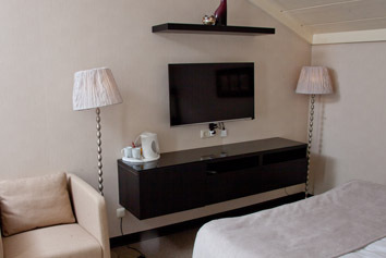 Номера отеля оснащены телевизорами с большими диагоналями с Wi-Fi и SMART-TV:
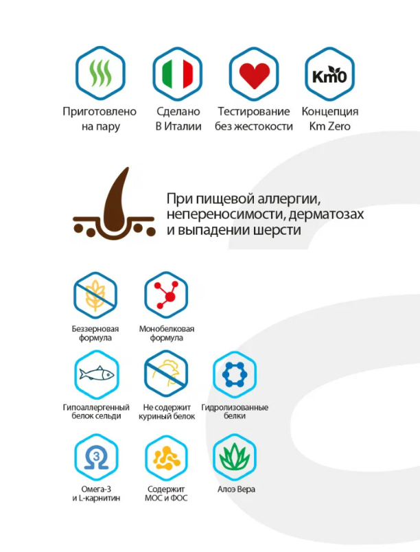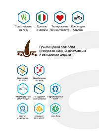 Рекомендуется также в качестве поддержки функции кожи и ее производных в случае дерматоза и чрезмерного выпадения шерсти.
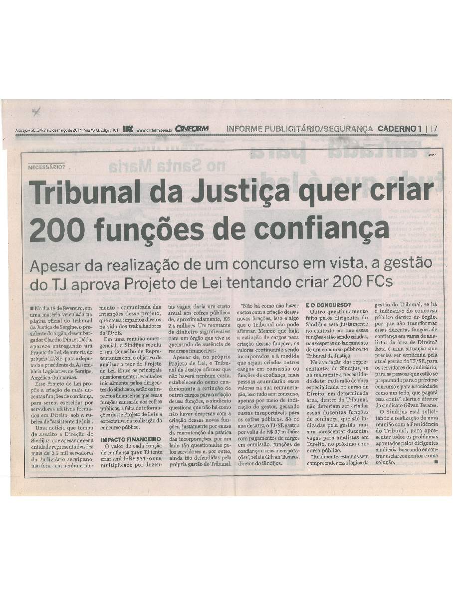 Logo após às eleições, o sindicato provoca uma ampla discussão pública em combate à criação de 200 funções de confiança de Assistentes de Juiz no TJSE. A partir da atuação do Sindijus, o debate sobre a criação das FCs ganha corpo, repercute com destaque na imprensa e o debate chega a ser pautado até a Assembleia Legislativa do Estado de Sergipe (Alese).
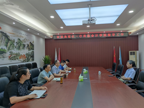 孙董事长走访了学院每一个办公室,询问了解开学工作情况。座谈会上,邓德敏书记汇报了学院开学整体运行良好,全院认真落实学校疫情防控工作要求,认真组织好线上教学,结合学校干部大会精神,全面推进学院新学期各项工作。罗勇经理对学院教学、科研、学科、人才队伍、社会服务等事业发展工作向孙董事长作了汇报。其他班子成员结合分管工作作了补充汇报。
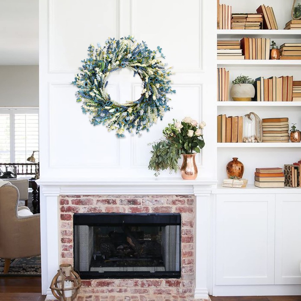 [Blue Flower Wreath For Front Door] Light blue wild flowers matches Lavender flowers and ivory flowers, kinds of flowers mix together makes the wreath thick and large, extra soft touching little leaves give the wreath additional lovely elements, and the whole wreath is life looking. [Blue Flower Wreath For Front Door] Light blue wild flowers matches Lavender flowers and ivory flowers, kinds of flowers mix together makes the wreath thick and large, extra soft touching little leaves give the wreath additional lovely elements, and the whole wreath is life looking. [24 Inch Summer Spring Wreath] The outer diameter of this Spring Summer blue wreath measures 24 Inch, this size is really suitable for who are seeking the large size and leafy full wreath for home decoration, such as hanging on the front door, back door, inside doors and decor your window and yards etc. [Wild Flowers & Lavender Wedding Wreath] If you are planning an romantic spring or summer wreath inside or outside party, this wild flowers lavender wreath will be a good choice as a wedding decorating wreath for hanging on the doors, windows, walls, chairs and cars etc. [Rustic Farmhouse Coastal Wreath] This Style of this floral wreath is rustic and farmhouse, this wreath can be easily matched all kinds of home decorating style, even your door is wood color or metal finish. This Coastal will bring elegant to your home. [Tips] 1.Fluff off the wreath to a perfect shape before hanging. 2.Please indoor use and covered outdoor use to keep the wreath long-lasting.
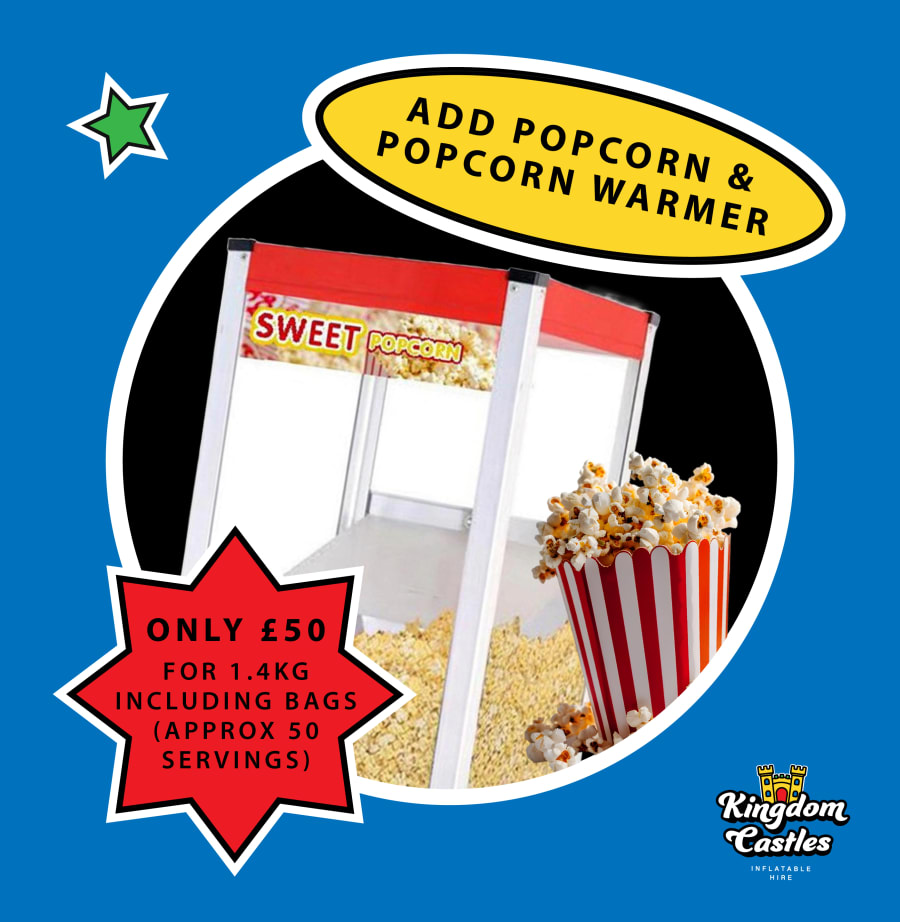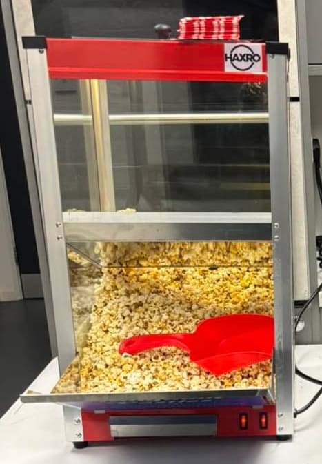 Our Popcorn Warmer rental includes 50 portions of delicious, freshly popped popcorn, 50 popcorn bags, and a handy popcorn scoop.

━━━━━━━━━━━━━━━━━━━━━━━━━━━━━━

§ About this task
Without the pictures, write out the lines from the beginning of the entries through the line with "孙董事长走访了学院每一个办公".

§ Task solution
 Номера отеля оснащены телевизорами с большими диагоналями с Wi-Fi и SMART-TV:
 Рекомендуется также в качестве поддержки функции кожи и ее производных в случае дерматоза и чрезмерного выпадения шерсти.
 Logo após às eleições, o sindicato provoca uma ampla discussão pública em combate à criação de 200 funções de confiança de Assistentes de Juiz no TJSE. A partir da atuação do Sindijus, o debate sobre a criação das FCs ganha corpo, repercute com destaque na imprensa e o debate chega a ser pautado até a Assembleia Legislativa do Estado de Sergipe (Alese).
 孙董事长走访了学院每一个办公室,询问了解开学工作情况。座谈会上,邓德敏书记汇报了学院开学整体运行良好,全院认真落实学校疫情防控工作要求,认真组织好线上教学,结合学校干部大会精神,全面推进学院新学期各项工作。罗勇经理对学院教学、科研、学科、人才队伍、社会服务等事业发展工作向孙董事长作了汇报。其他班子成员结合分管工作作了补充汇报。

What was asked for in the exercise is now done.